All of the listing should be returned as written, apart from any picture in it.

> [Given data]:
■ ■ ■ ■ ■ ■ ■
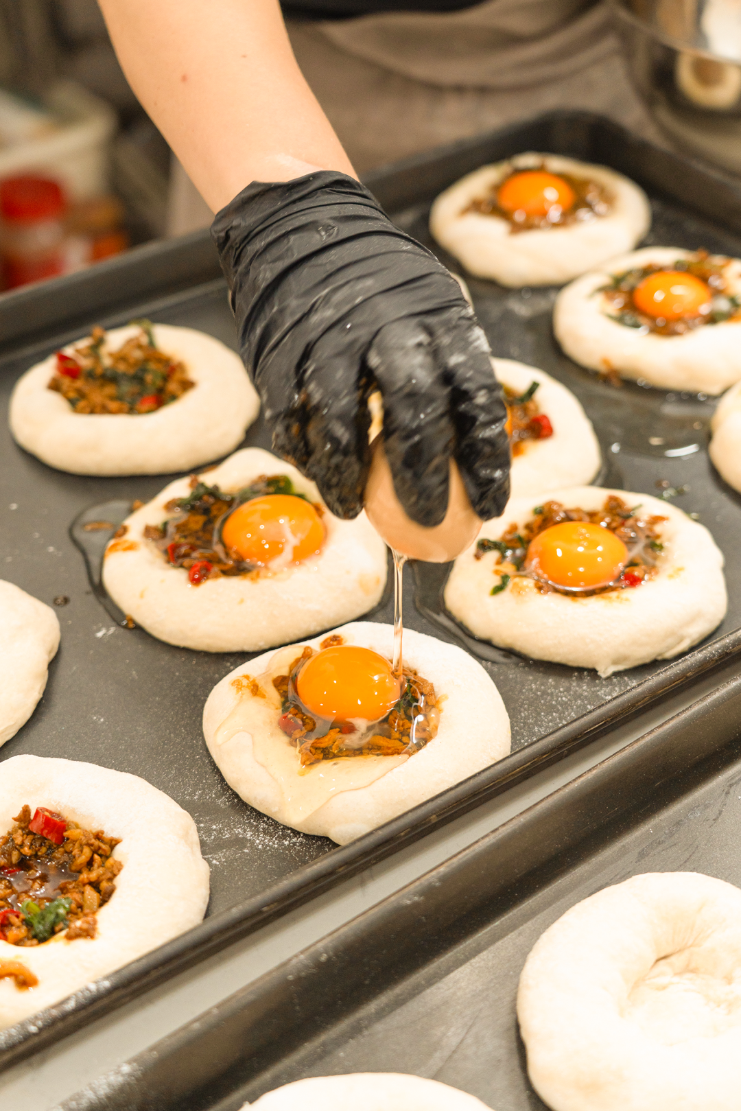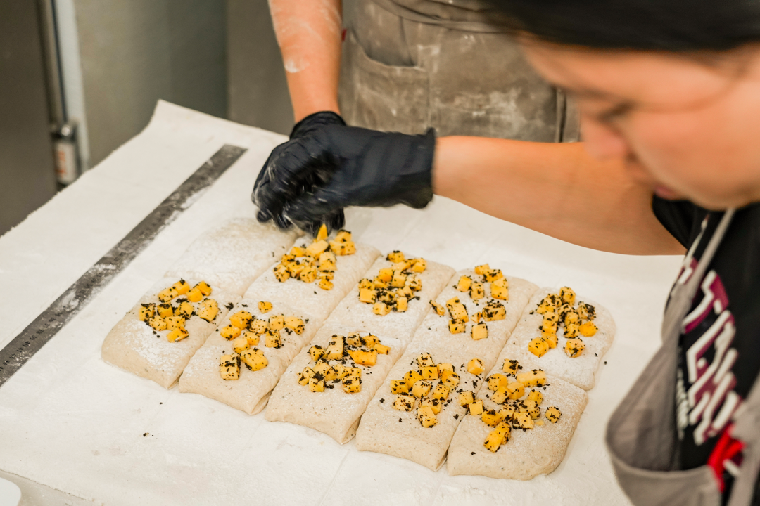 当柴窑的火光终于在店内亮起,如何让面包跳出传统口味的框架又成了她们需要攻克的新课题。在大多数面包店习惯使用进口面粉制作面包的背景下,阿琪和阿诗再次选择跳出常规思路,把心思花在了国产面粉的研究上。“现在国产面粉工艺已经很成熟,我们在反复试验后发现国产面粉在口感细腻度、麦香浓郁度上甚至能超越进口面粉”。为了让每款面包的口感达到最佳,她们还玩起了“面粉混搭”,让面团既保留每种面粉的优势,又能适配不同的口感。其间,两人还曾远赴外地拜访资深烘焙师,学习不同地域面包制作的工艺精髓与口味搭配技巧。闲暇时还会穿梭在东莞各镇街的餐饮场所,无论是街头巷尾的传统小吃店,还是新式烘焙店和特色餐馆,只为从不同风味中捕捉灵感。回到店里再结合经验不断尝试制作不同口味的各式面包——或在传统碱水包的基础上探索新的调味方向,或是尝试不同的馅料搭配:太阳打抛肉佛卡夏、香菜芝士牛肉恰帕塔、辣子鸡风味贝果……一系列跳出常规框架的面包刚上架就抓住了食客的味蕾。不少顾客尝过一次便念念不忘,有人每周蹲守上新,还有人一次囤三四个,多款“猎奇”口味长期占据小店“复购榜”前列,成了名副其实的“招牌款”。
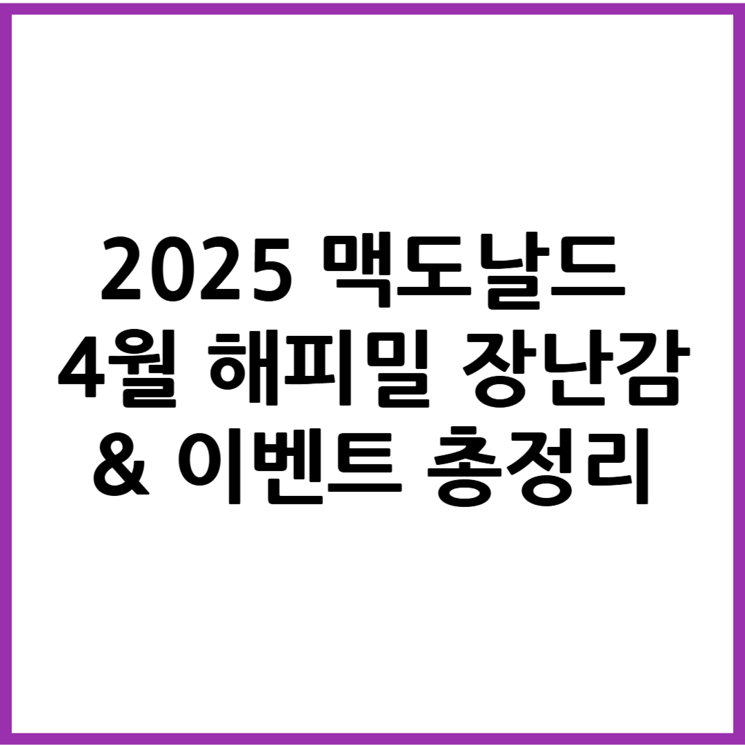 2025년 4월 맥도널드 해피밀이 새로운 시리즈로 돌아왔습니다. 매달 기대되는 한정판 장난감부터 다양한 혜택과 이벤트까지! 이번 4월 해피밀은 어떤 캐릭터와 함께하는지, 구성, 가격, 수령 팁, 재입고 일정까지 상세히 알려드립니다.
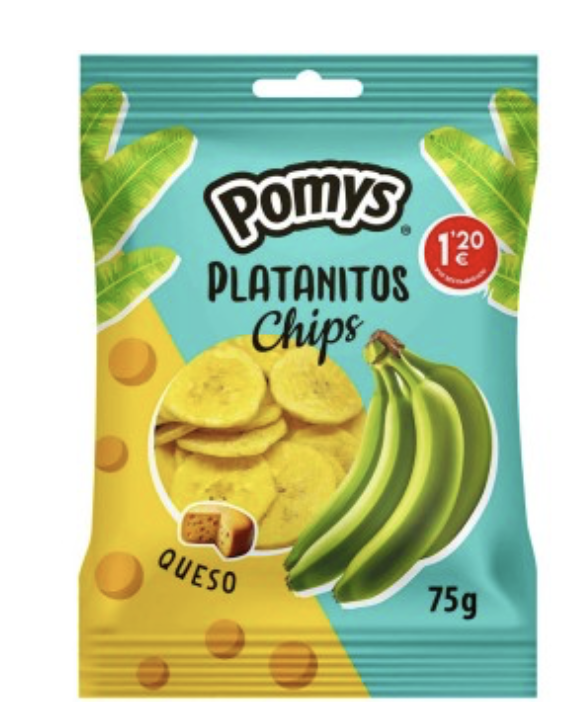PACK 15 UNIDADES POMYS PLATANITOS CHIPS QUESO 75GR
■ ■ ■ ■ ■ ■ ■
> [Expected answer]:
 当柴窑的火光终于在店内亮起,如何让面包跳出传统口味的框架又成了她们需要攻克的新课题。在大多数面包店习惯使用进口面粉制作面包的背景下,阿琪和阿诗再次选择跳出常规思路,把心思花在了国产面粉的研究上。“现在国产面粉工艺已经很成熟,我们在反复试验后发现国产面粉在口感细腻度、麦香浓郁度上甚至能超越进口面粉”。为了让每款面包的口感达到最佳,她们还玩起了“面粉混搭”,让面团既保留每种面粉的优势,又能适配不同的口感。其间,两人还曾远赴外地拜访资深烘焙师,学习不同地域面包制作的工艺精髓与口味搭配技巧。闲暇时还会穿梭在东莞各镇街的餐饮场所,无论是街头巷尾的传统小吃店,还是新式烘焙店和特色餐馆,只为从不同风味中捕捉灵感。回到店里再结合经验不断尝试制作不同口味的各式面包——或在传统碱水包的基础上探索新的调味方向,或是尝试不同的馅料搭配:太阳打抛肉佛卡夏、香菜芝士牛肉恰帕塔、辣子鸡风味贝果……一系列跳出常规框架的面包刚上架就抓住了食客的味蕾。不少顾客尝过一次便念念不忘,有人每周蹲守上新,还有人一次囤三四个,多款“猎奇”口味长期占据小店“复购榜”前列,成了名副其实的“招牌款”。
 2025년 4월 맥도널드 해피밀이 새로운 시리즈로 돌아왔습니다. 매달 기대되는 한정판 장난감부터 다양한 혜택과 이벤트까지! 이번 4월 해피밀은 어떤 캐릭터와 함께하는지, 구성, 가격, 수령 팁, 재입고 일정까지 상세히 알려드립니다.
PACK 15 UNIDADES POMYS PLATANITOS CHIPS QUESO 75GR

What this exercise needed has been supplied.